If a system running the Solaris Operating System crashes, provide your service provider with as much information as possible, including crash dump files.
Solaris 10: kmdb has replaced kadb as the standard “in situ” Solaris kernel debugger.
kmdb brings all the power and flexibility of mdb to live kernel debugging. kmdb supports the following:
Debugger commands (dcmds)
Debugger modules (dmods)
Access to kernel type data
Kernel execution control
Inspection
Modification
For more information, see the kmdb ( 1 ) man page. For step-by-step instructions on using kmdb to troubleshoot a system, see the How to Boot the System With the Kernel Debugger (kmdb) in System Administration Guide: Basic Administration .

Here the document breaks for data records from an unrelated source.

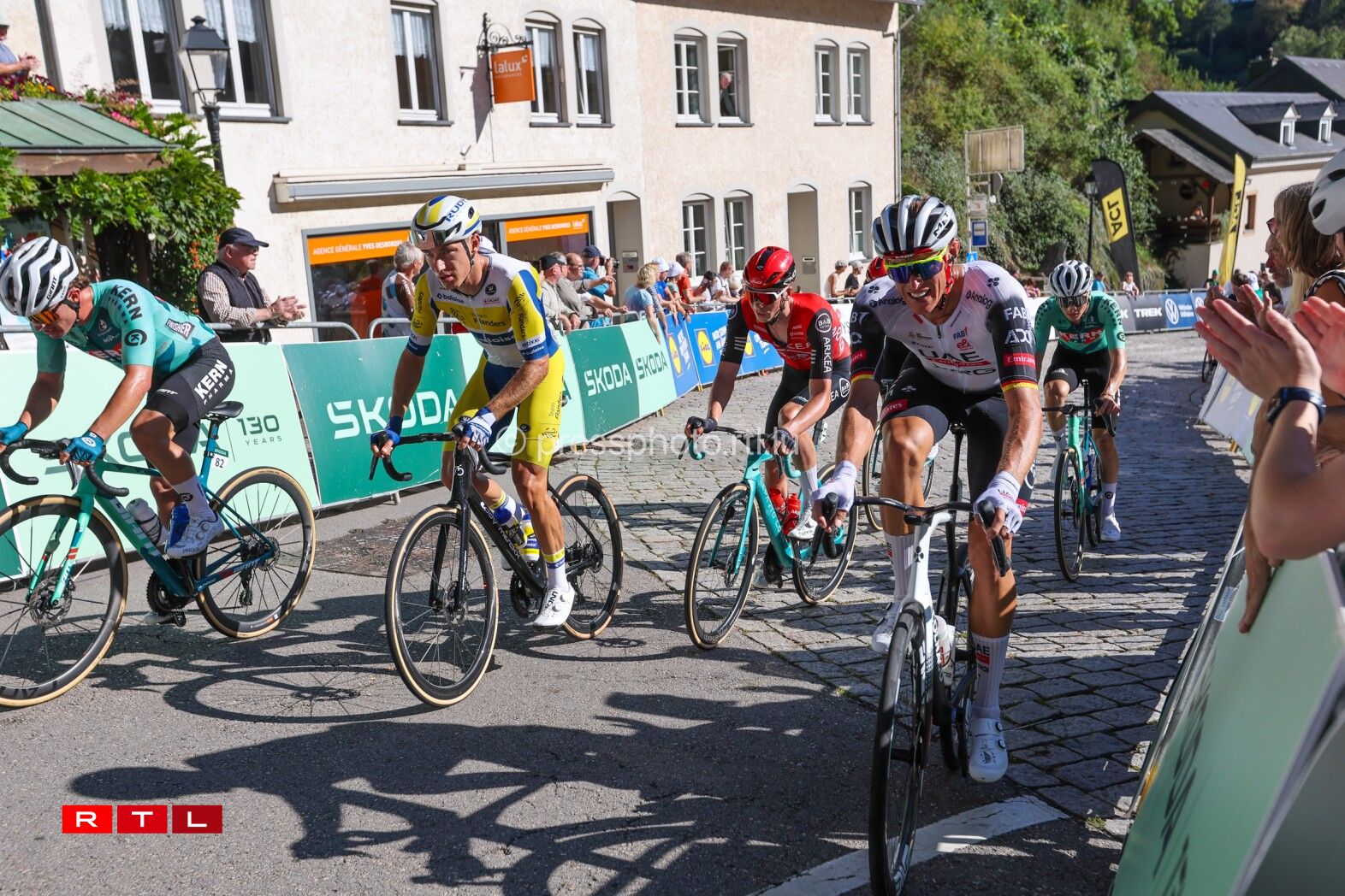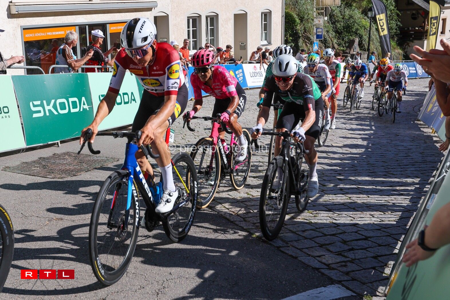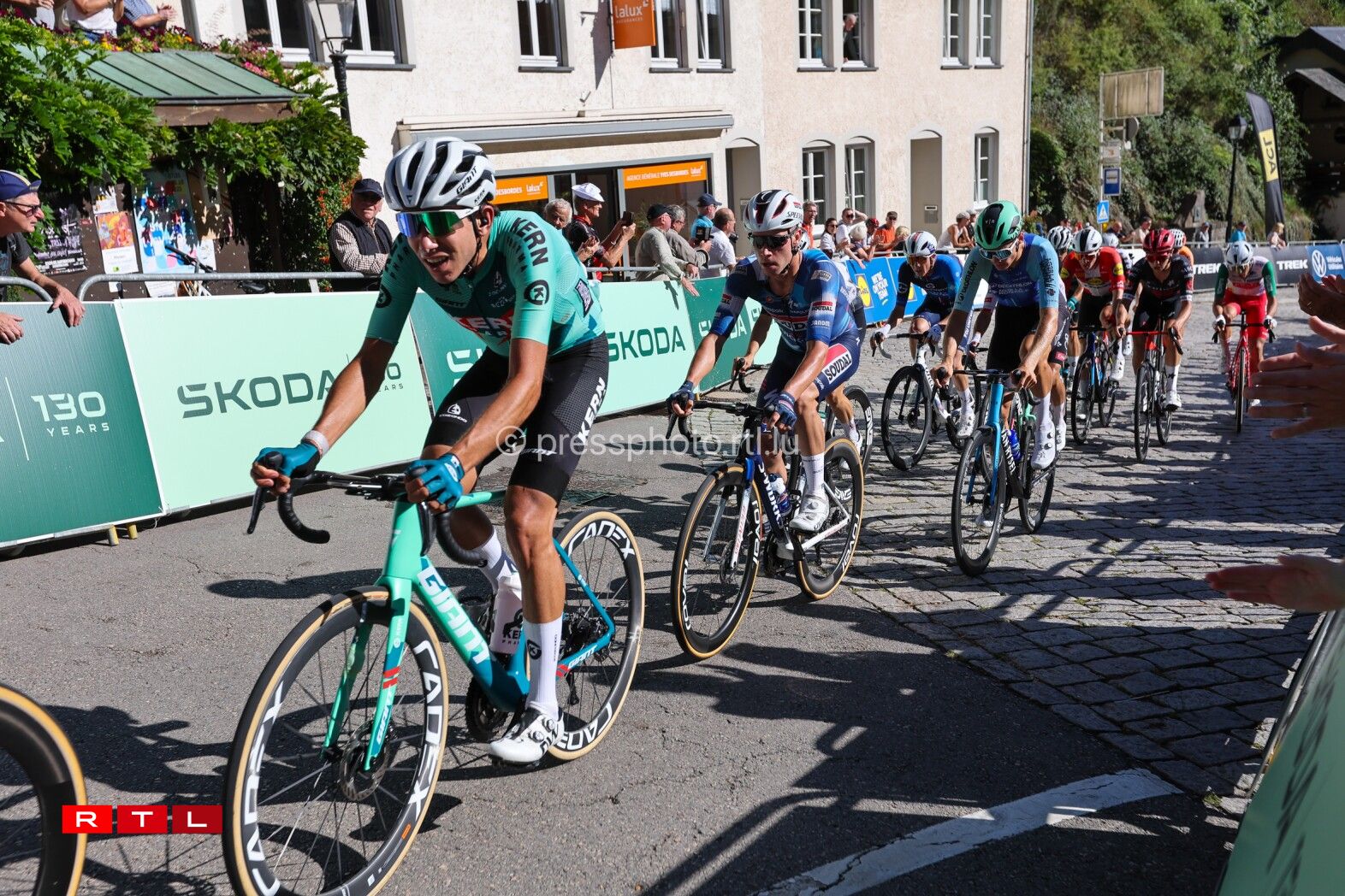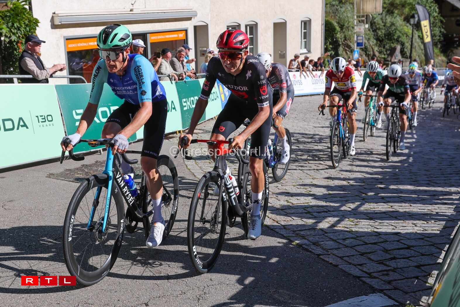 Beim leschte Passage vum Niklosbierg, eng 16 Kilometer virun der Arrivée war du Schluss fir d’Echappée vum Dag. Si si vum Grupp mat de Favoritten agefaange ginn. 9 Coureure sinn un der Spëtzt iwwereg bliwwen: Nicolas Prodhomme, Richard Carapaz, Mattias Skjelmose, Toms Skujins, Brandon McNulty, Jordan Jegat, Marco Brenner, Rafal Majka a Mathys Rondel. An der Descente ass et dem Marc Hirschi, dem Johnatan Narvaez an dem Urko Berrade gelongen, fir nach no vir bäizefueren.
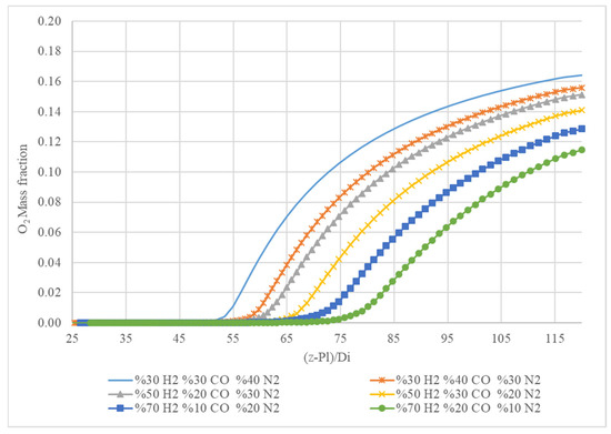 Figure 10 shows a graph of the O2 mass fraction along the axial position normalized by the inlet diameter (z−PI)/Di for different gas mixtures. The legend indicates the composition of each gas mixture, and the graph displays how the oxygen (O2) mass fraction evolves along the reactor’s length for these mixtures.
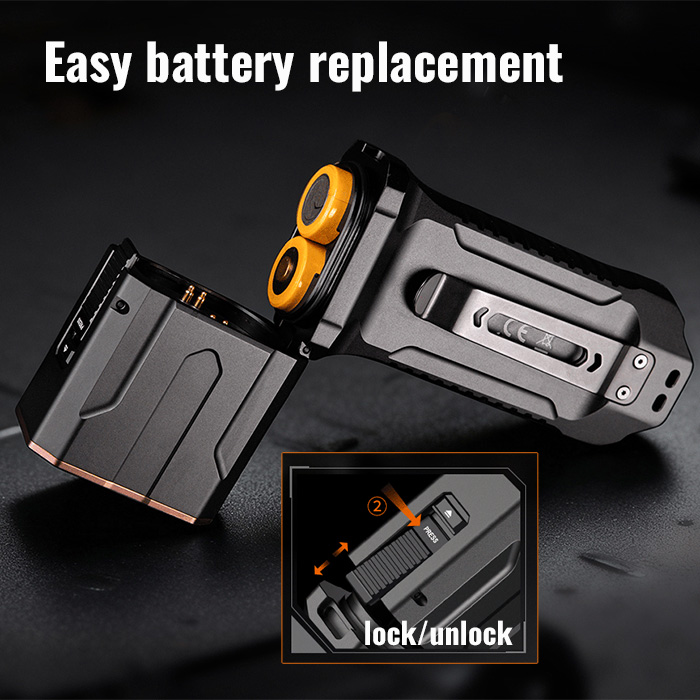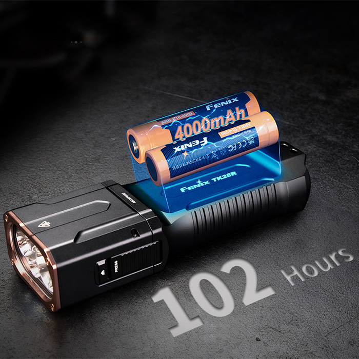 • powered by two Fenix 18650 ARB-L18-4000 rechargeable batteries
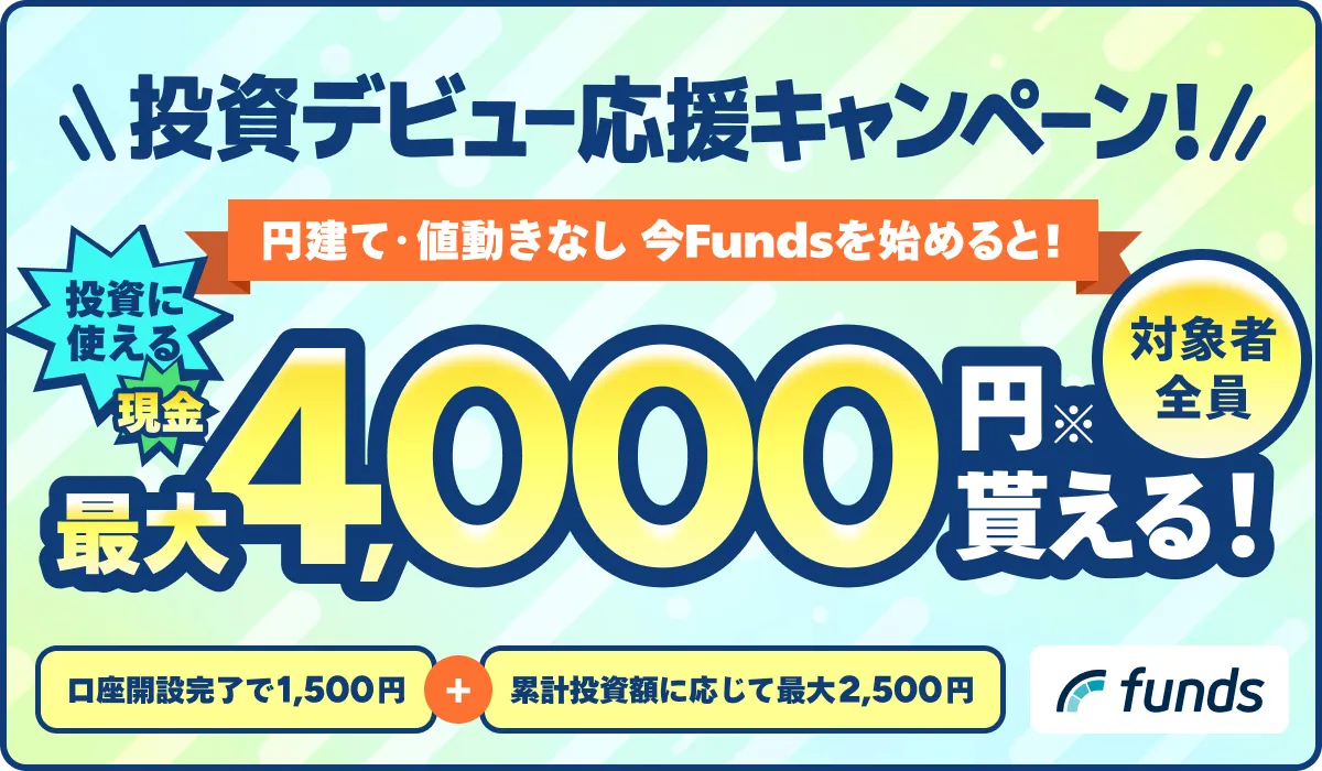キャンペーン期間中に新規で無料口座開設するだけでもれなく現金1500円、さらに初回投資額に応じて現金最大2500円がもらえます!(26年3月31日まで)
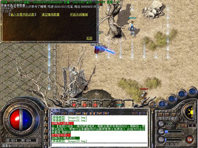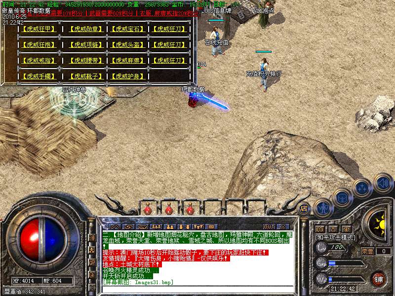 【地图介绍】:增加荣誉之都,刷新全服所有高级BOSS,刷新快,需要英雄证明进入,是兵家必挣之地,沙城员可以免费进入,英雄证明在六大暗之BOSS身上可以获得!
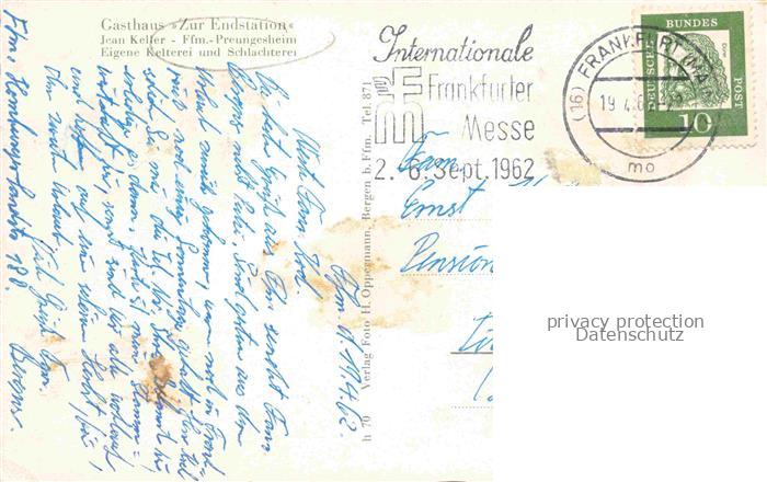 74116844 alte Postkarte Preungesheim FRANKFURT MAIN Hessen Gasthaus zur Endstation Gastraum postalisch gelaufen Erhaltung siehe scans [FriedD77] KatCode: 11110006412000

Solaris 10: The Solaris DTrace facility is a comprehensive dynamic tracking facility that gives you a new level of observerability into the Solaris kernel and user processes. DTrace helps you understand your system by permitting you to dynamically instrument the OS kernel and user processes to record data that you specify at locations of interest, called, probes. Each probe can be associated with custom programs that are written in the new D programming language. All of DTrace's instrumentation is entirely dynamic and available for use on your production system. For more information, see the dtrace ( 1M ) man page and the Solaris Dynamic Tracing Guide .
The most important things to remember are:
Write down the system console messages.
If a system crashes, making it run again might seem like your
most pressing concern. However, before you reboot the system, examine the
console screen for messages. These messages can provide some insight about
what caused the crash. Even if the system reboots automatically and the console
messages have disappeared from the screen, you might be able to check these
messages by viewing the system error log, the/var/adm/messages
file.
For more information about viewing system error log files, see How to View System Messages.
If you have frequent crashes and can't determine their cause,
gather all the information you can from the system console or the /var/adm/messages
files, and have it ready for a customer service representative
to examine. For a complete list of troubleshooting information to gather for
your service provider, see Troubleshooting a System Crash.
If the system fails to reboot successfully after a system crash, see Chapter 25, Troubleshooting Miscellaneous Software Problems (Tasks).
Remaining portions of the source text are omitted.